▸ Problem details:
Reproduce, exactly, the lines of the material below from the line containing "أن قبل الشرع" through the line containing "An ethnic black", with both end lines included and nothing else.

▸ Task input:
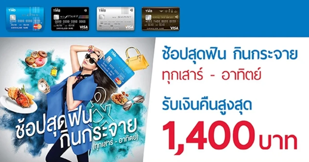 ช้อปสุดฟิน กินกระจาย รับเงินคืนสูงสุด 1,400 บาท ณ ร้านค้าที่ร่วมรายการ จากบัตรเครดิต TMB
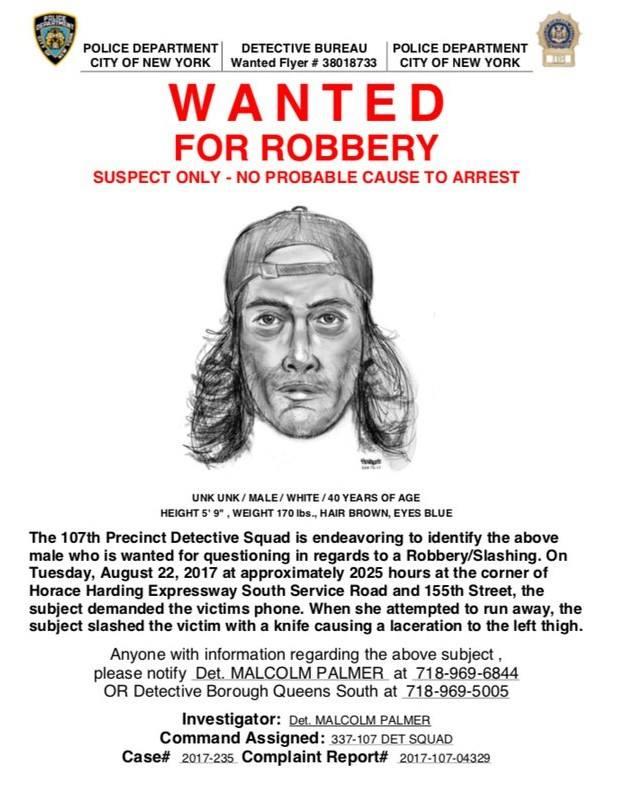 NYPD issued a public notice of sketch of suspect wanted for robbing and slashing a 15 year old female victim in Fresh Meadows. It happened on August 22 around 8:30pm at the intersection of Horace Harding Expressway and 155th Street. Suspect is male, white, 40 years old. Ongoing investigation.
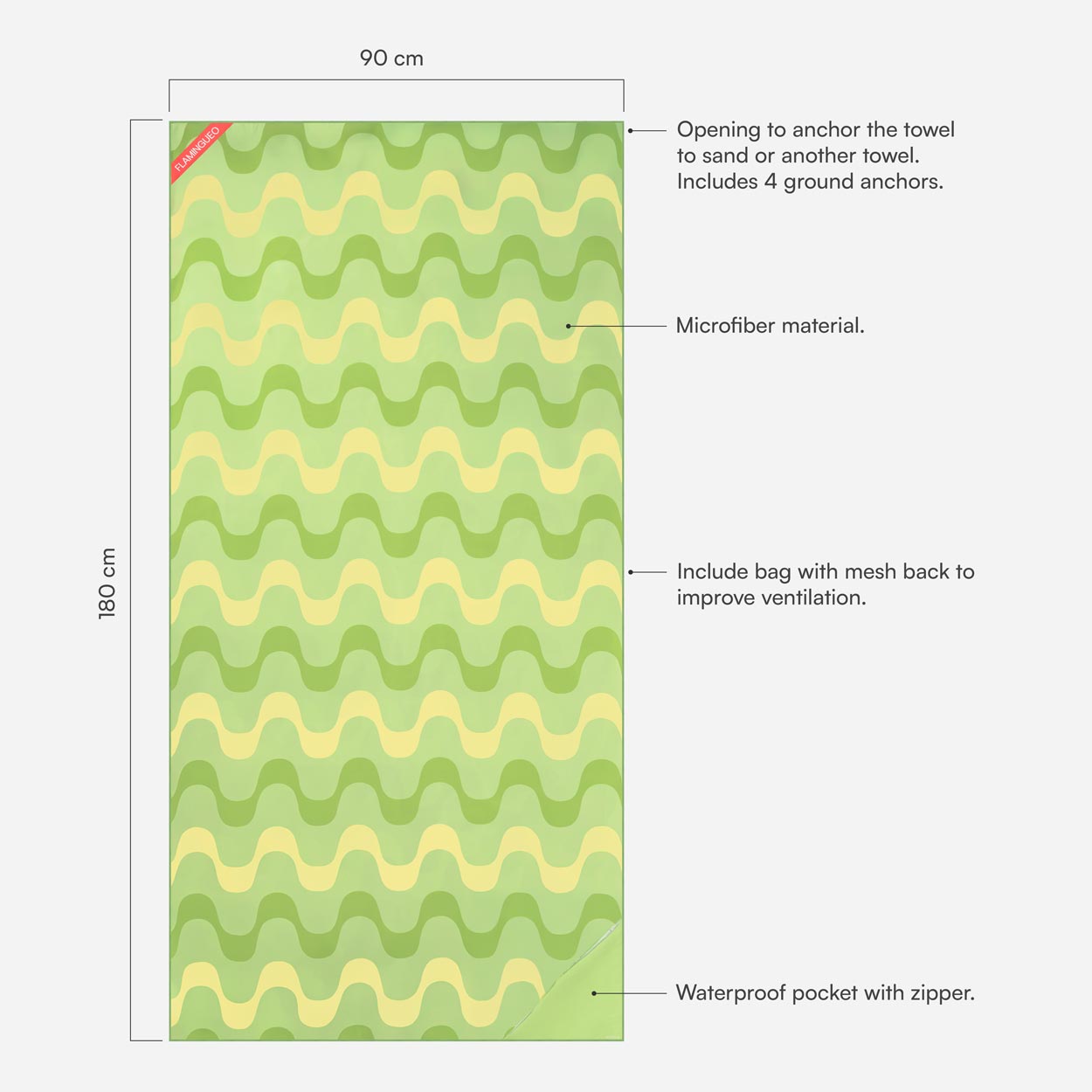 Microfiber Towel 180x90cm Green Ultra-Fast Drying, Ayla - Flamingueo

==

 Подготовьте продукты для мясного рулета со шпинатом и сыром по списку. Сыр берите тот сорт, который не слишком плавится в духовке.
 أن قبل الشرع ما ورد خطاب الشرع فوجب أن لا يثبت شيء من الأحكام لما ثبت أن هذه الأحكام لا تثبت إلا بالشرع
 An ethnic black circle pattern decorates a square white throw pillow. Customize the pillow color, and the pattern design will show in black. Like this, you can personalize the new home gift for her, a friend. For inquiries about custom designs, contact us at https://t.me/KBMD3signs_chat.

▸ Exercise output:
 أن قبل الشرع ما ورد خطاب الشرع فوجب أن لا يثبت شيء من الأحكام لما ثبت أن هذه الأحكام لا تثبت إلا بالشرع
 An ethnic black circle pattern decorates a square white throw pillow. Customize the pillow color, and the pattern design will show in black. Like this, you can personalize the new home gift for her, a friend. For inquiries about custom designs, contact us at https://t.me/KBMD3signs_chat.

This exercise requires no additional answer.